GPUs Flashcards
What is a GPU?
Graphics Processing Unit
Specialised hardware for graphics computation, highly parallel multiprocessors
List the 6 stages in the graphics pipeline
- Input assembler
- Vertex shader
- Geometry shader
- Setup & rasterise
- Pixel shader
- Output merger
Which 3 stages in the graphics pipeline are programmable?
- Vertex shader
- Geometry shader
- Pixel shader
(all the shaders!!)
Draw the graphics pipeline, showing the unified processor array
.
Tasks pass through the unified processor array ? ?
several times
GPUs take advantage of ? level parallelism
data
Which can support more threads: CPU or GPU?
GPU - supports multithreading whereas CPU is designed for single-threading
What is the design goal of a CPU?
Designed for single-threaded performance
What is the design goal of a GPU?
Designed for throughput
- individual thread performance is not critical
- each core is relatively simple
Write out the code for a DAXPY (Double A X Plus Y) loop
for (i=0; i<1024; ++i) {
Z[i] = a*X[i] + Y[i]
}
Multiple vector of doubles X by constant a then add to vector of doubles Y
Why can we parallelise a DAXPY loop?
All iterations are independent because there are no data dependencies between them
eg. Z[0] = aX[0] + Y[0] is independent of Z[1] = aX[1] + Y[1]

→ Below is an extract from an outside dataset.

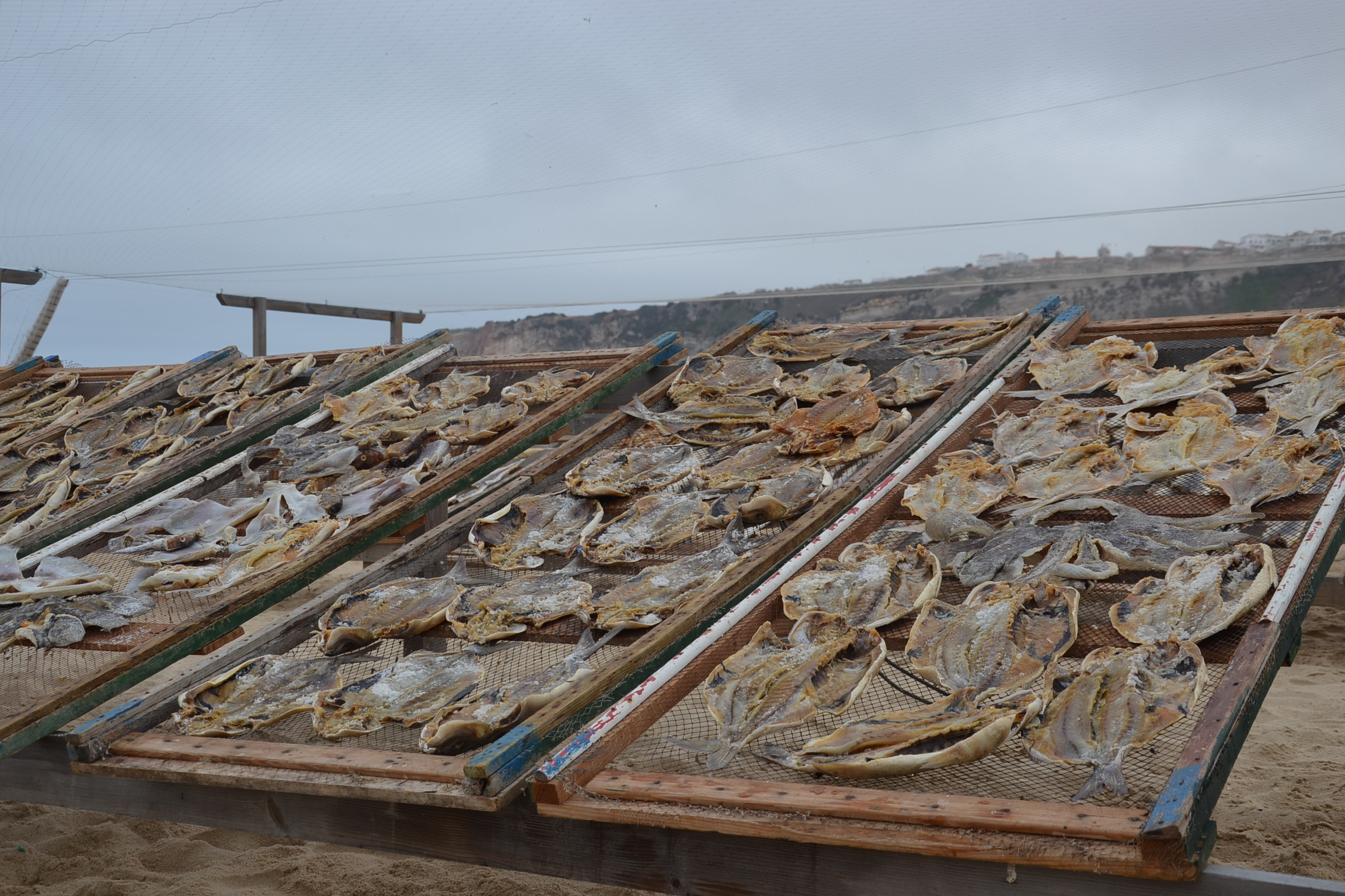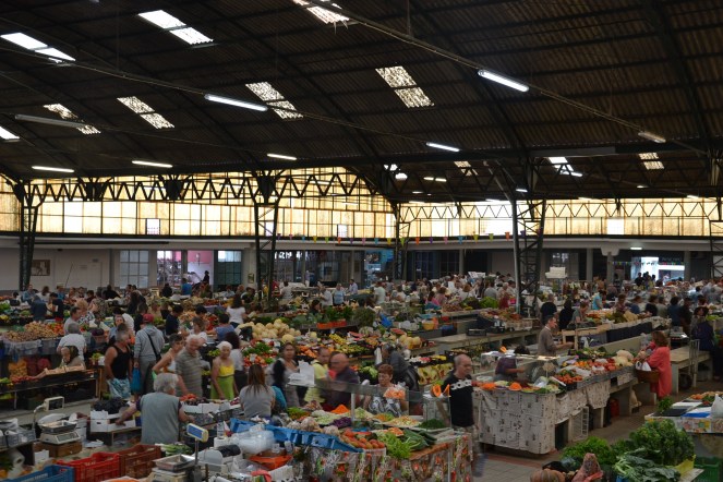 Partis des hauteurs de Nazaré, nous nous sommes laissés glisser sur la pente menant tout droit à une étape dominicale incontournable : le marché couvert et ses étals de fruits, légumes, divine charcuterie et poissons frais, fumés, séchés.
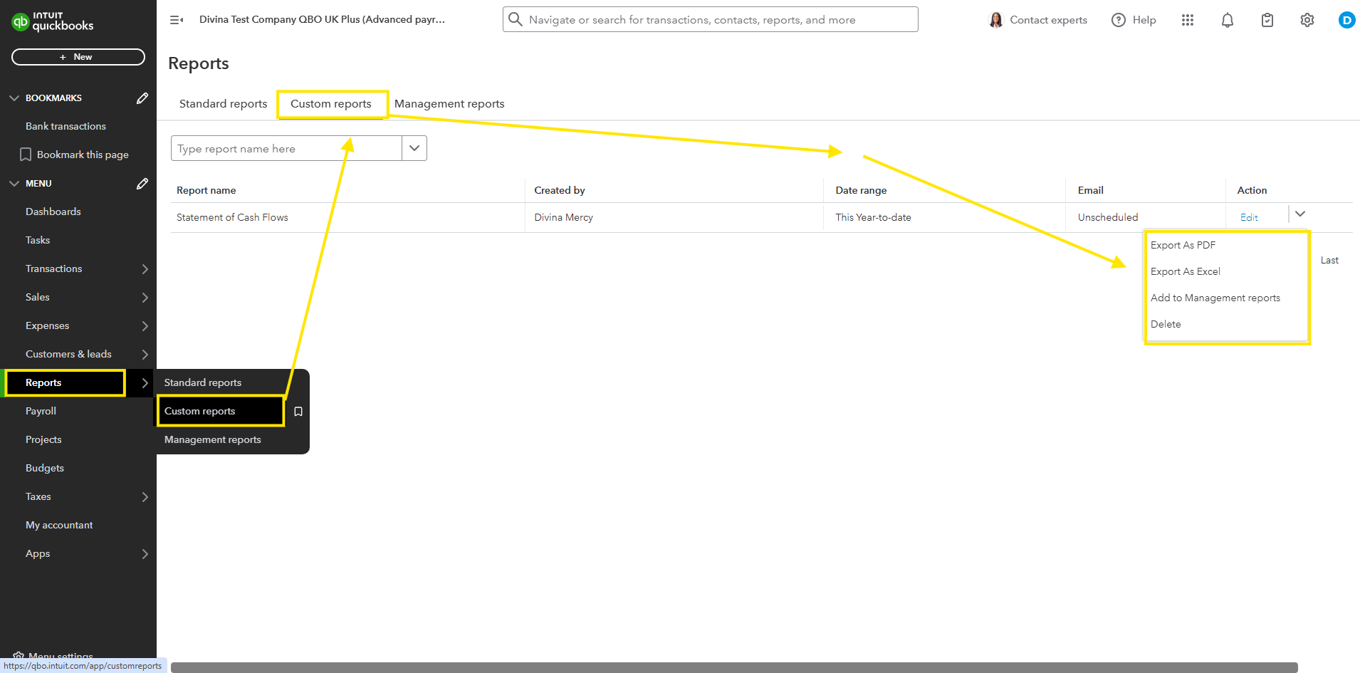 - Then, locate your saved, custom Statement of Cash Flows report under the Custom reports tab.

How do GPUs parallelise code?
Using SIMT
Describe SIMT
Single Instruction, Multiple Threads
Each processor runs many threads concurrently, each with its own registers and memory
All threads execute the same instructions but on different data
What is 1 similarity between SIMD and SIMT?
Both take advantage of data-level parallelism
What are the differences between SIMD and SIMT?
SIMD is a form of vector processing - vector registers each hold several items, vector operations work on vector registers
In SIMT, each instruction operates on threads - same instruction issued to each thread, each with separate state (registers and memory)
ie. one register storing lots of data items vs lots of registers storing 1 data item
Draw a diagram showing SIMT execution of the DAXPY loop with 4 threads in lock-step
.
In the case of 4 threads, how many times is the DAXPY kernel called?
Called 256 times with 4 threads each time
Each thread executes the DAXPY ?
kernel
What is a warp?
Group of threads that are executed simultaneously
All threads in a warp execute the same instruction
What support is there in a GPU for conditional execution?
Use a predicate register to hold conditions, then only execute something if the condition holds - predication
What is a downside of predication?
The thread sits idle if the predicate is false, leading to inefficiency
Draw a diagram to show how conditional branches in GPUs are treated
.
When might we need more complex branching?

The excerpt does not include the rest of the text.